→ **What to work on**
Given these entries, repeat exactly the lines starting with the one that has "口と鼻の間、尾翼が赤く変色し" and going on through the one that has "质粒名称:pAc-sgRNA-Cas9 质粒编号:49330 质粒备注: Expresses", both included, but none of the pictures.

→ **The records**

---

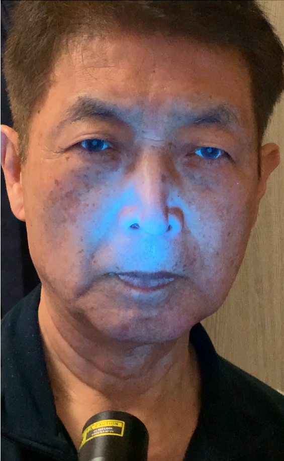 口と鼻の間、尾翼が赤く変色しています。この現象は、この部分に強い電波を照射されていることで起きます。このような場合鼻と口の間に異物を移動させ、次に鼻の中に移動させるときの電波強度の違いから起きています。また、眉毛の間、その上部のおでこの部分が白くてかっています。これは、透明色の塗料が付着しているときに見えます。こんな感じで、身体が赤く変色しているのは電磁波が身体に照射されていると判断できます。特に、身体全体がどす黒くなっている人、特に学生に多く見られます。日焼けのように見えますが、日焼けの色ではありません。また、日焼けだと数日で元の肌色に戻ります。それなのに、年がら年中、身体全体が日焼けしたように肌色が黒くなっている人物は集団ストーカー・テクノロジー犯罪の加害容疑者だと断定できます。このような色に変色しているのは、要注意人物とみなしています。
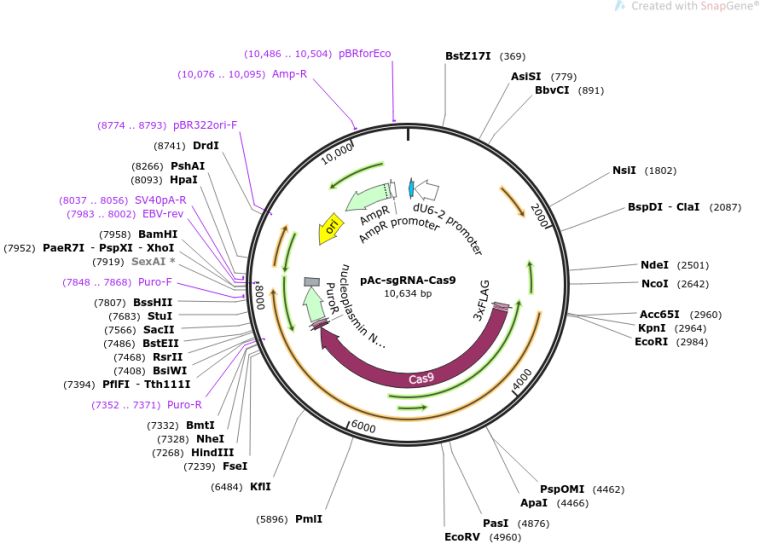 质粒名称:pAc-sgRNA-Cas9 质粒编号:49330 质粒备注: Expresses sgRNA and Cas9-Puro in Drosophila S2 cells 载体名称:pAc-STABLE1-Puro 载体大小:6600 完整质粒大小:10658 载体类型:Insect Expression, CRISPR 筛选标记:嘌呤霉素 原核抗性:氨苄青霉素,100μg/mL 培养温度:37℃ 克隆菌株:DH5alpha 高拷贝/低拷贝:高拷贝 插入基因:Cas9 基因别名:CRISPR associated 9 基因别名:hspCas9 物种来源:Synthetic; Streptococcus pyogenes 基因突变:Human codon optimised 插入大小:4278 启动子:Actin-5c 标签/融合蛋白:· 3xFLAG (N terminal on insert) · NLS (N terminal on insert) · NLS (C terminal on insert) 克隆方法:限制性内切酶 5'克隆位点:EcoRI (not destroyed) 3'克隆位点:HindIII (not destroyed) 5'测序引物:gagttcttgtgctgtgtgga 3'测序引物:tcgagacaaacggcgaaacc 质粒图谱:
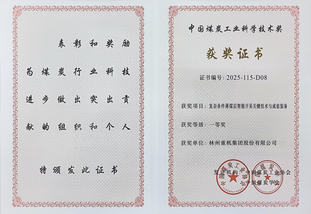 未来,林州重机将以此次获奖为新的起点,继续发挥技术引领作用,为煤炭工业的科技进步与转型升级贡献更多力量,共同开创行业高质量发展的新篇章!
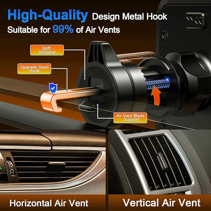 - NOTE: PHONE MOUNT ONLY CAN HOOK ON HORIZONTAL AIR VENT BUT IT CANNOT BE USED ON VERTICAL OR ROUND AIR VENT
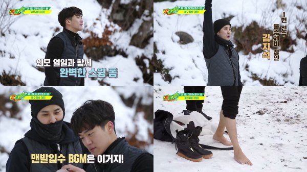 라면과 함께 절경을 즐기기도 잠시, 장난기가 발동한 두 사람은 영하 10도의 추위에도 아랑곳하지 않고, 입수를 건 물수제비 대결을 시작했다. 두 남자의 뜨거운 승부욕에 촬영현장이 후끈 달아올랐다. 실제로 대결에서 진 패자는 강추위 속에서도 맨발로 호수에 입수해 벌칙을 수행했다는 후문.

---

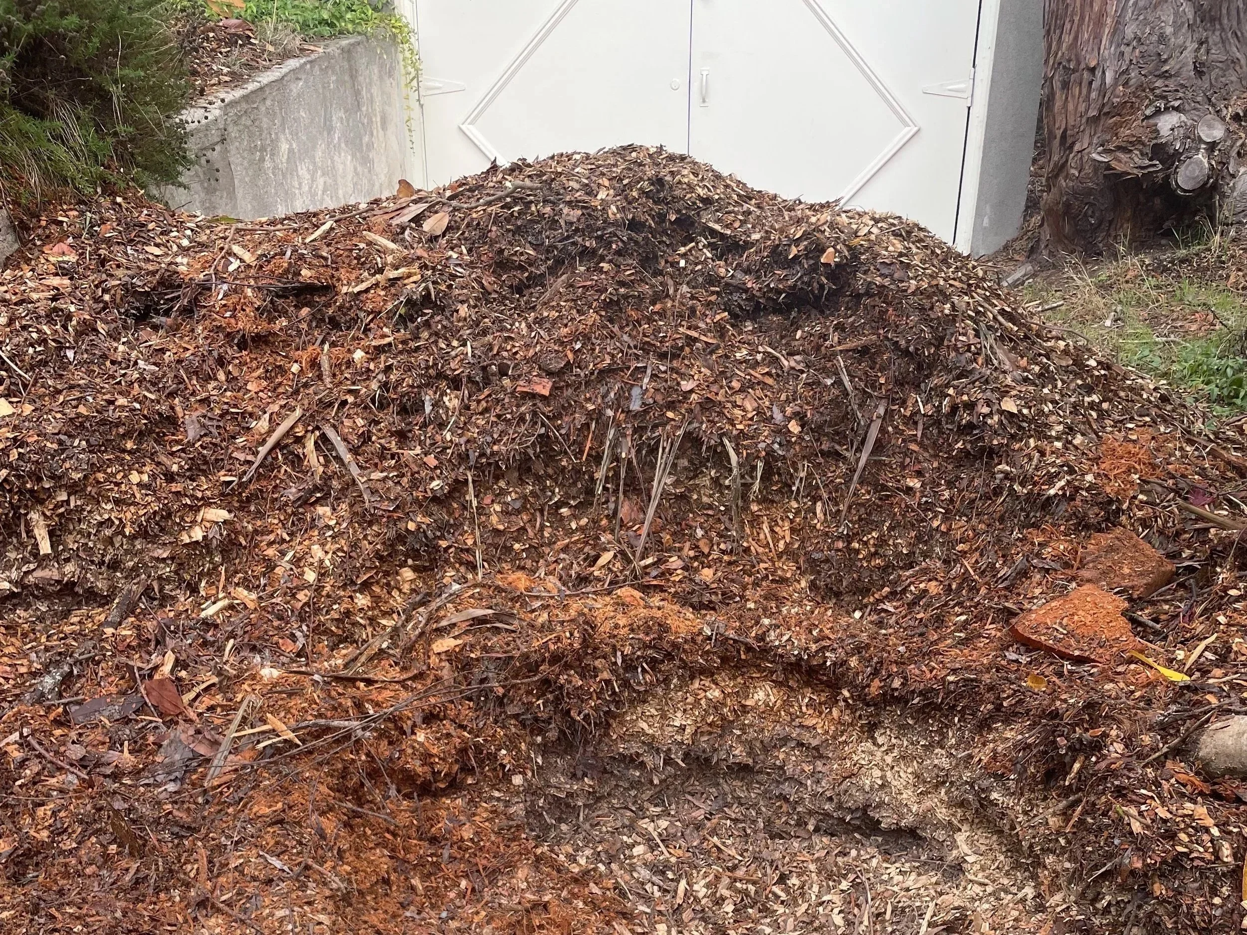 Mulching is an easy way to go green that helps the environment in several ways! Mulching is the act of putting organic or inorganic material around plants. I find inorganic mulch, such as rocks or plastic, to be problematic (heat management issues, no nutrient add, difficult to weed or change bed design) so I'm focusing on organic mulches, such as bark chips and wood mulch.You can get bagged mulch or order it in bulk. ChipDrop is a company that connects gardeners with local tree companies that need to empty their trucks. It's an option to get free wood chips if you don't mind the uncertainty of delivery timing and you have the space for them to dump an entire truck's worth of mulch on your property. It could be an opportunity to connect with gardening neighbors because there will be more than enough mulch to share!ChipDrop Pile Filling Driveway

---

→ **Response**
 口と鼻の間、尾翼が赤く変色しています。この現象は、この部分に強い電波を照射されていることで起きます。このような場合鼻と口の間に異物を移動させ、次に鼻の中に移動させるときの電波強度の違いから起きています。また、眉毛の間、その上部のおでこの部分が白くてかっています。これは、透明色の塗料が付着しているときに見えます。こんな感じで、身体が赤く変色しているのは電磁波が身体に照射されていると判断できます。特に、身体全体がどす黒くなっている人、特に学生に多く見られます。日焼けのように見えますが、日焼けの色ではありません。また、日焼けだと数日で元の肌色に戻ります。それなのに、年がら年中、身体全体が日焼けしたように肌色が黒くなっている人物は集団ストーカー・テクノロジー犯罪の加害容疑者だと断定できます。このような色に変色しているのは、要注意人物とみなしています。
 质粒名称:pAc-sgRNA-Cas9 质粒编号:49330 质粒备注: Expresses sgRNA and Cas9-Puro in Drosophila S2 cells 载体名称:pAc-STABLE1-Puro 载体大小:6600 完整质粒大小:10658 载体类型:Insect Expression, CRISPR 筛选标记:嘌呤霉素 原核抗性:氨苄青霉素,100μg/mL 培养温度:37℃ 克隆菌株:DH5alpha 高拷贝/低拷贝:高拷贝 插入基因:Cas9 基因别名:CRISPR associated 9 基因别名:hspCas9 物种来源:Synthetic; Streptococcus pyogenes 基因突变:Human codon optimised 插入大小:4278 启动子:Actin-5c 标签/融合蛋白:· 3xFLAG (N terminal on insert) · NLS (N terminal on insert) · NLS (C terminal on insert) 克隆方法:限制性内切酶 5'克隆位点:EcoRI (not destroyed) 3'克隆位点:HindIII (not destroyed) 5'测序引物:gagttcttgtgctgtgtgga 3'测序引物:tcgagacaaacggcgaaacc 质粒图谱:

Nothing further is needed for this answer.